= Alex Davies (neo-Nazi) =

Welsh terrorist (born 1994/95)

Alex Davies (born 1994 or 1995) is a Welsh neo-Nazi. He is one of the founders of National Action (NA), the first far-right group banned in the United Kingdom since World War II.

==Early life==
In 2011, at the age of 16, he was referred to the Prevent programme, a government scheme to engage with extremists. He joined the youth wing of the British National Party (BNP), but was disappointed at the 'disarray' of the party. He studied philosophy at the University of Warwick, where he sought to promote his political leanings on campus.

==National Action and conviction==
In 2012, National Action was founded by Davies and Benjamin Raymond, a student from the University of Essex. The aim of the group was to create a Neo-Nazi youth movement in the UK. At a National Action parade in Liverpool, Davies stated, "We’re like the BNP but more radical". He left the university at the end of the first year of his course, following an article in the Sunday Mirror in June 2014 which revealed his part in National Action. He returned to South Wales to work in a telephone centre, and in 2018 lived in Swansea.

In 2016, he addressed the Welsh Forum on a topic of "Saunders Lewis and Militant Welsh Nationalism". In May 2016, Davies had an argument with a mixed-race girl and her mother in Bath, and the video went "viral". National Action was banned by Home Secretary Amber Rudd in December 2016 for being "a racist, anti-Semitic and homophobic organisation".

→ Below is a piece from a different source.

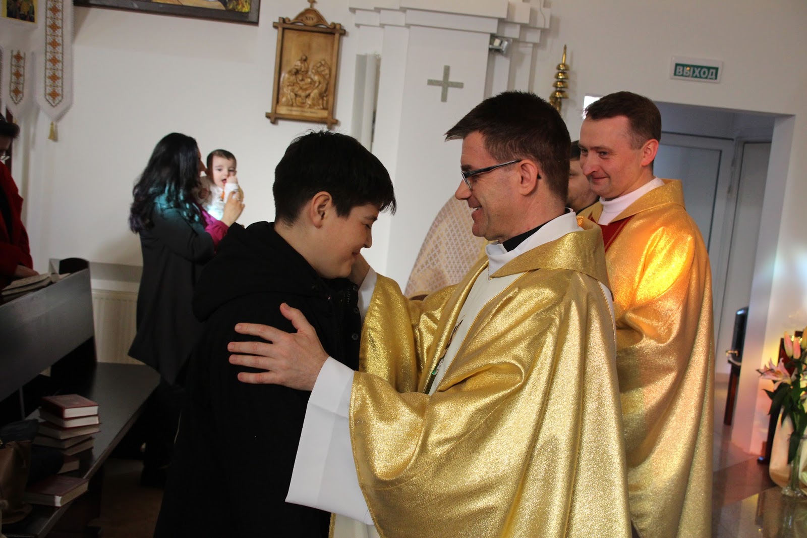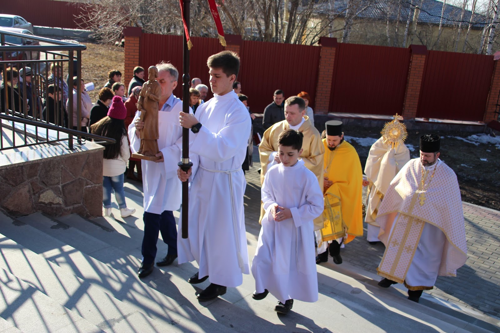 Mszy Św. przewodniczył i homilię wygłosił ks. Leszek Hryciuk, nasz dziekan, proboszcz parafii w Tiumenii (800 km. na południe od Surgutu). Po Mszy Św. było wystawienie Najświętszego Sakramentu, odśpiewaliśmy litanię do św. Józefa. Potem była procesja Eucharystyczna dookoła kościoła i Te Deum.

After National Action was banned by the government in December 2016, the Metropolitan Police's Counter Terrorism Policing Unit and the Crown Prosecution Service compiled evidence against members of NA who continued to actively promote its views via a series of regional organisations. On 17 May 2022, Davies was found guilty by jury of being a "member of a proscribed organisation" (the fascist group National Action). During his trial at Winchester Crown Court, prosecutor Barnaby Jameson told the court after the government banned NA, that Davies had set up a group called National Socialist Anti-Capitalist Action or NS131, using similar graphics, slogans and communications methods to NA, which was also later banned by the UK government. Jameson put to Davies in court: "You are a neo-Nazi, yes?" Davies replied: "Sure." The case was adjourned for sentencing at Old Bailey, the Central Criminal Court, on 7 June 2022. On 7 June 2022, Davies was sentenced to eight and a half years in prison.